One of the Israel Defense Forces' greatest sources of pride in the past few years is an environmental project - not a military one. Soldiers have been "drafted" to the cause of taking wild animals that cannot be placed in the country's zoos and introducing them to open areas on military bases. Over time the grazing of these animals has helped control the spread of vegetation and thus prevented brush fires and helped restoration of natural growth. But the project faces possible closure now, due to new directives from the Agriculture Ministry's Veterinary Services.
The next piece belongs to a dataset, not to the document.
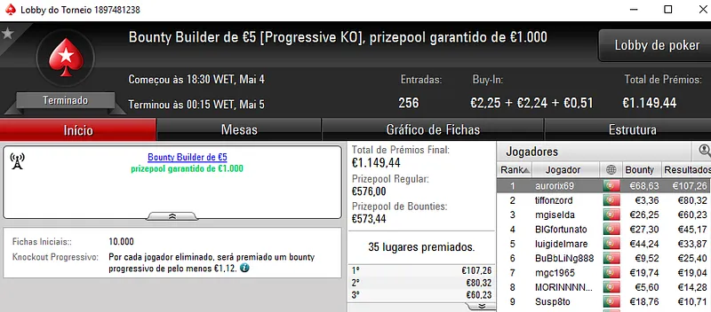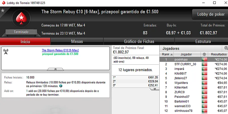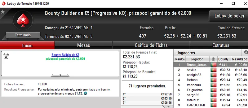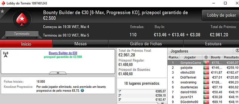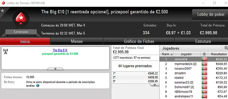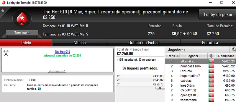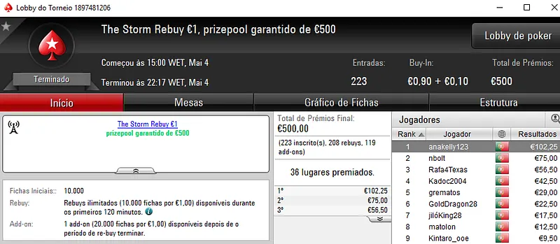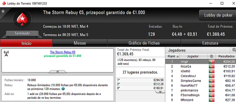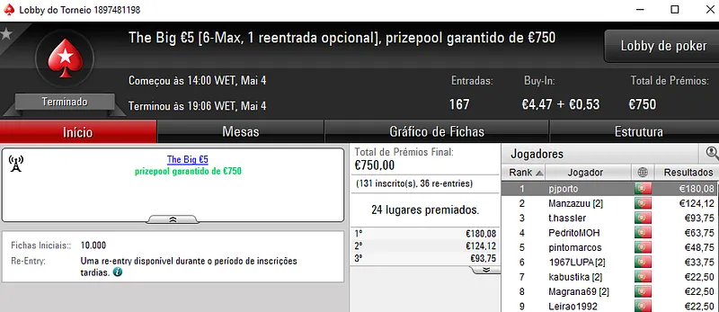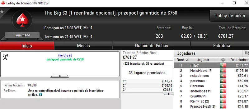 Mesmo com o WSOPC a decorrer no Estoril, ontem a PoekrStars.PT entregou mais 3 prémios de 4 dígitos.

Military sources say it will be expensive and difficult to implement the services' new guidelines - which mandate immunizations and blood tests for the animals - and add that unless something is done about them, the project will have to be suspended. They claim that carrying out the new regulations could result in the death of many animals due to the difficulty involved in capturing them and doing the tests. There is a real danger that the Israel Nature and National Parks Protection Authority will be forced to put hundreds of animals to death because they will no longer have places like the army bases to which they can be transfered. Currently about 1,000 wild animals are living on the property of army bases, mainly in the North.

The project began about 20 years ago as a way to help the authorities solve the problem of burgeoning populations of wild animals at local zoos and petting corners. By taking in the animals, the army, in return, found a means to protect large swathes of territory at a several of its bases.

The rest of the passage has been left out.